*Information provided*.
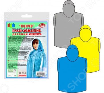 Товар продается в ассортименте. Цвет изделия при комплектации заказа зависит от наличия товарного ассортимента на складе. Плащ-дождевик детский Мультидом Пончо BD24-7 защитит ваше чадо во время непогоды. Дождевик свободно надевается поверх основной одежды и совершенно не стесняет движений, что очень важно для маленьких непосед. Он имеет гораздо больше преимуществ, чем другой защитный аксессуар зонтик. Выполнен из полиэтилена материал не пропускает влагу и отличается высокой прочностью, легко очищается от загрязнений и хорошо держит тепло. Полиэтилен не деформируется при складывании и не образует заломов. Свободный крой плаща не стеснит движений, позволит быстро и легко его надеть снять. Достаточно широкий вырез проймы и капюшон, который защитит голову и шею от капель. В сложенном виде модель очень компактна, она без труда разместится даже в небольшой сумке или рюкзаке. Оптимальная длина дождевика для комфортных игр и прогулки. С таким плащом можно отправляться даже на отдых за город или в поход. Модель рассчитана на детей от 7 до 11 лет длина 90 см, размах по рукавам 110 см . None Возможен самовывоз. Есть доставка.
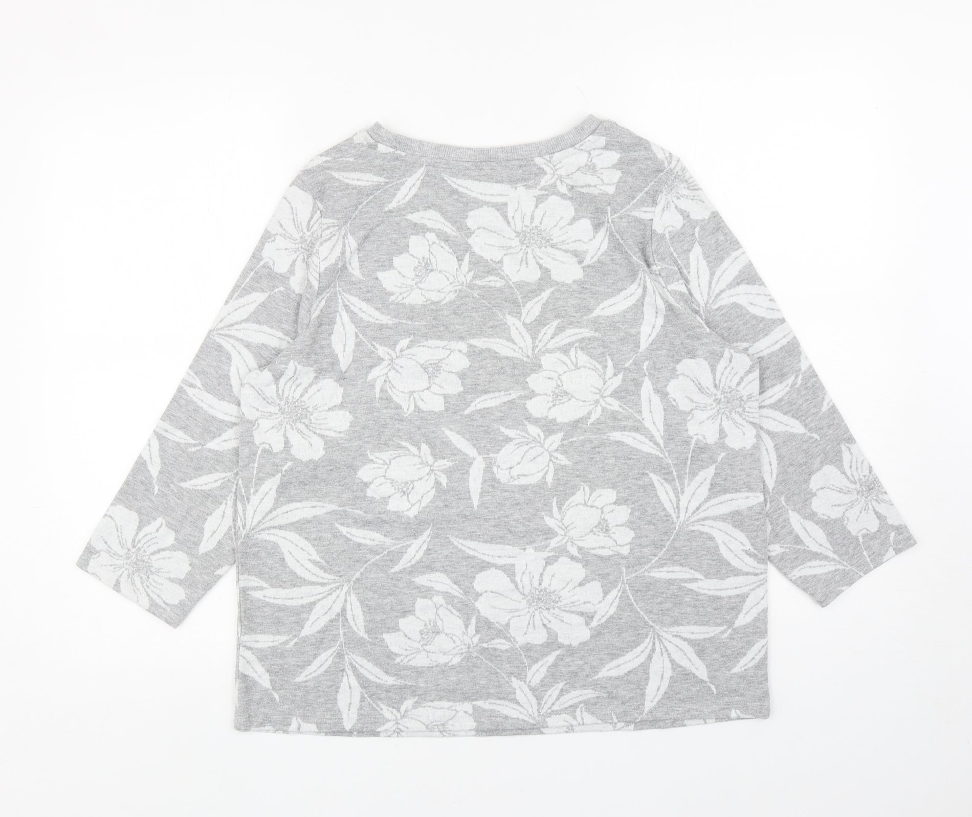TU Womens Grey Boat Neck Floral Polyester Pullover Jumper Size 14
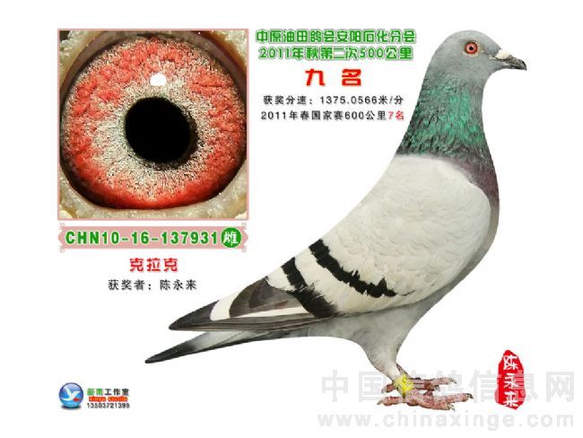 2011年秋第二次500公里前十名获奖鸽照片
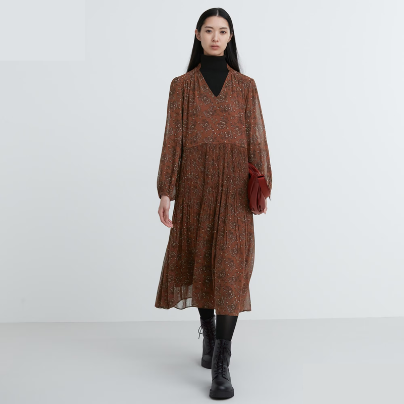 UNIQLO : C Елегантна шифонова сукня розмір ХС, М та Л, колір коричневий 36 BROWN Колекція Клер Вейт Келлер, яка привносить легку вишуканість у високоякісні щоденні речі LifeWear. Непідвладні часу предмети переосмислюються як із великими, так і з плавними силуетами з сучасних тканин для піднесеного повсякденного життя. - Прозора тканина. - Комір-стійка, V-подібний виріз. - Об'ємні рукави. - Ми видалили складки на спідниці, щоб створити більш приємний крій у формі русалки. - Регульований шнурок на талії. - Шнурки прикріплені з боків для гладкого вигляду спереду. - Підкладка з непрозорою внутрішньою накладкою для стриманого стилю. - Додані зборки на плечах і кокетці на спині. - Основний суцільний колір. Матеріал: 100% поліестер 461805

*What you will do*. The pictures should not be reproduced; quote all of the other material exactly.

*Response*.
 Товар продается в ассортименте. Цвет изделия при комплектации заказа зависит от наличия товарного ассортимента на складе. Плащ-дождевик детский Мультидом Пончо BD24-7 защитит ваше чадо во время непогоды. Дождевик свободно надевается поверх основной одежды и совершенно не стесняет движений, что очень важно для маленьких непосед. Он имеет гораздо больше преимуществ, чем другой защитный аксессуар зонтик. Выполнен из полиэтилена материал не пропускает влагу и отличается высокой прочностью, легко очищается от загрязнений и хорошо держит тепло. Полиэтилен не деформируется при складывании и не образует заломов. Свободный крой плаща не стеснит движений, позволит быстро и легко его надеть снять. Достаточно широкий вырез проймы и капюшон, который защитит голову и шею от капель. В сложенном виде модель очень компактна, она без труда разместится даже в небольшой сумке или рюкзаке. Оптимальная длина дождевика для комфортных игр и прогулки. С таким плащом можно отправляться даже на отдых за город или в поход. Модель рассчитана на детей от 7 до 11 лет длина 90 см, размах по рукавам 110 см . None Возможен самовывоз. Есть доставка.
TU Womens Grey Boat Neck Floral Polyester Pullover Jumper Size 14
 2011年秋第二次500公里前十名获奖鸽照片
 UNIQLO : C Елегантна шифонова сукня розмір ХС, М та Л, колір коричневий 36 BROWN Колекція Клер Вейт Келлер, яка привносить легку вишуканість у високоякісні щоденні речі LifeWear. Непідвладні часу предмети переосмислюються як із великими, так і з плавними силуетами з сучасних тканин для піднесеного повсякденного життя. - Прозора тканина. - Комір-стійка, V-подібний виріз. - Об'ємні рукави. - Ми видалили складки на спідниці, щоб створити більш приємний крій у формі русалки. - Регульований шнурок на талії. - Шнурки прикріплені з боків для гладкого вигляду спереду. - Підкладка з непрозорою внутрішньою накладкою для стриманого стилю. - Додані зборки на плечах і кокетці на спині. - Основний суцільний колір. Матеріал: 100% поліестер 461805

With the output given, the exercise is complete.